Site icon Tech Newsday

Evil Corp Transitions To Lockbit To Evade Sanctions

The Evil Corp cybercrime gang has now transitioned to deploying LockBit ransomware on their target networks in an effort to avoid sanctions imposed by the U.S. Treasury Department’s Office of Foreign Assets Control (OFAC).

Evil Corp, also known as INDRIK SPIDER or the Dridex gang, has been operating since 2007 and is notorious for spreading the Dridex malware and later on moving to the ransomware business.

In December 2019, the group was sanctioned in the U.S. for wrecking over $100 million in financial damages. It was then that the gang transitioned to installing its new WastedLocker ransomware beginning June 2020.

As threat analysts from Mandiant have earlier detected, the group is now trying to distance itself from known tooling to enable its victims to pay ransoms without the dangers involved in violating OFAC regulations.

An activity cluster detected and tracked by Mandiant as UNC2165 is now deploying ransomware as a LockBit affiliate. This cluster has been previously connected with Evil Corp.

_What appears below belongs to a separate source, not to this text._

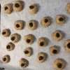 На смазанный пергамент выложить шарики из теста, в центр положить сушеную ягоду, придавить серединку. - 6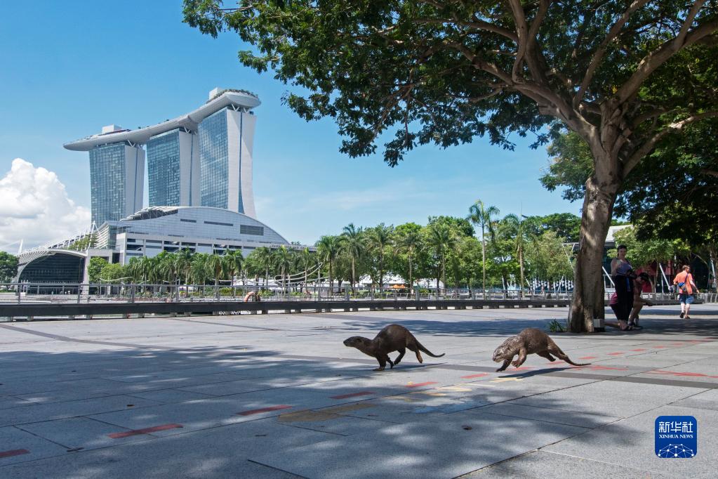 5月2日,一群水獺在新加坡濱海灣一帶的鬧市中出沒。

This latest strategy of acting as a Ransomware as a Service (RaaS) operation affiliate would enable the group to utilize the time needed for ransomware development into expanding the group’s ransomware activities.

Other experts claim that the transition to other malicious tools gives Evil Corp enough free resources to come up with a new ransomware strain from scratch, thus making it more difficult for security researchers to follow and link the group’s past operations.

“We expect these actors as well as others who are sanctioned in the future to take steps such as these to obscure their identities in order to ensure that it is not a limiting factor to receiving payments from victims,” Mandiant said.